# Bouyancy Tanks



## nick olass (Apr 30, 2009)

Most ships today are built with inner and outer hulls, but I remember going aboard ships, to measure up for bouyancy tanks, I then went back to the works to manufacture the tanks, then returned to the ship to fit them. We used a type of sheet brass [muntz metal] which was very easy to work with.
For some reason, the crew hated these bouyancy tanks, but I never found out why, because if the ship sprung a leak, the tanks presumably would keep the vessel afloat. This was in the 60s, and I for one loved the job, because it meant that I could go into the galley, where the cook would do me an enormous fry-up.
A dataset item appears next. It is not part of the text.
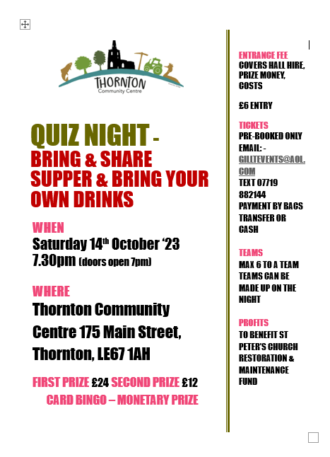 Coming to Thornton Community Centre, Leicestershire on Tuesdays from this October.

Cor I can smell the bacon now just thinking about it.

Nick(Thumb)


----------



## Derek Roger (Feb 19, 2005)

nick olass said:


> Most ships today are built with inner and outer hulls, but I remember going aboard ships, to measure up for bouyancy tanks, I then went back to the works to manufacture the tanks, then returned to the ship to fit them. We used a type of sheet brass [muntz metal] which was very easy to work with.
> For some reason, the crew hated these bouyancy tanks, but I never found out why, because if the ship sprung a leak, the tanks presumably would keep the vessel afloat. This was in the 60s, and I for one loved the job, because it meant that I could go into the galley, where the cook would do me an enormous fry-up. Cor I can smell the bacon now just thinking about it.
> 
> Nick(Thumb)


I imagine these tanks for for very small vessels . A ship would not take up cargo space with bouyancy tanks .
Derek


----------



## nick olass (Apr 30, 2009)

Derek Roger said:


> I imagine these tanks for for very small vessels . A ship would not take up cargo space with bouyancy tanks .
> Derek


Derek

The tanks were only about 12" wide and hugged the sides of what I presume was a single hull. They were made in sections about 48" x 48" and followed the exact contour of the hull. I can't remember how big the ships were, but there were many dozens of tanks along both sides, sometimes stacked ontop of each other. Does this help you.

Regards Nick(Thumb)


----------



## John Briggs (Feb 12, 2006)

For me it deepens the mystery somewhat.
Lifeboats had buoyancy tanks but I have never heard of a ship with them.
You say the ship's cook would do a fry up for you in the galley so it was probably a reasonable size vessel. You also say you measured up for the tanks yourself, are you sure you weren't measuring lifeboats?
The crew probably disliked them as they had to be painted with zinc chromate and it was a fiddly & messy job.


----------



## Pat Kennedy (Apr 14, 2007)

Nick, 
Did you work for Gledhills?
They were a company in Liverpool which made all sorts of copper and brass tanks and cylinders, mainly for the plumbing, heating, and ventilation trade but also for marine use.
The main works is in Blackpool, and interestingly, the president of the company, named Keith Gledhill, used to be a purser on the Queen Mary.
I have only ever seen bouyancy tanks fitted in small craft such as lifeboats and launches.
Regards, 
Pat


----------



## John Hebblewhite (Jul 9, 2009)

Are we talking buoyancy tanks for wooden lifeboats. I remember these and they had to be removed and coated with boiled linseed oil. What a job.


----------



## nick olass (Apr 30, 2009)

Gentlemen, the bouyancy tanks were definately fitted snug against the insides of the hull of the ship and definately not the lifeboats. The ship was docked 'I think' in the Alexander at the bottom of Strand Road Bootle, we used to walk with the tanks on handcarts down the steep slope of Strand Road and into the dock. I used to work just off Strand Road in an engineers and ships chandlers called Manufactureres [Liverpool] Ltd, They no longer exist. Sorry I can't help you with the name of the ship, but a lot of the crew
spoke in a language I did not understand.

Regards Nick.


----------



## spongebob (Dec 11, 2007)

I recall the dockyard copper smiths used to make up buoyancy tanks to fit the curvature of a navy whaler's or cutter's hull , usually snug to the bilges and under the thwarts.
They were tradesmen to be admired with the neatness of their work.
Can't say that the tanks would have an application on a ship of any size though.

Bob


----------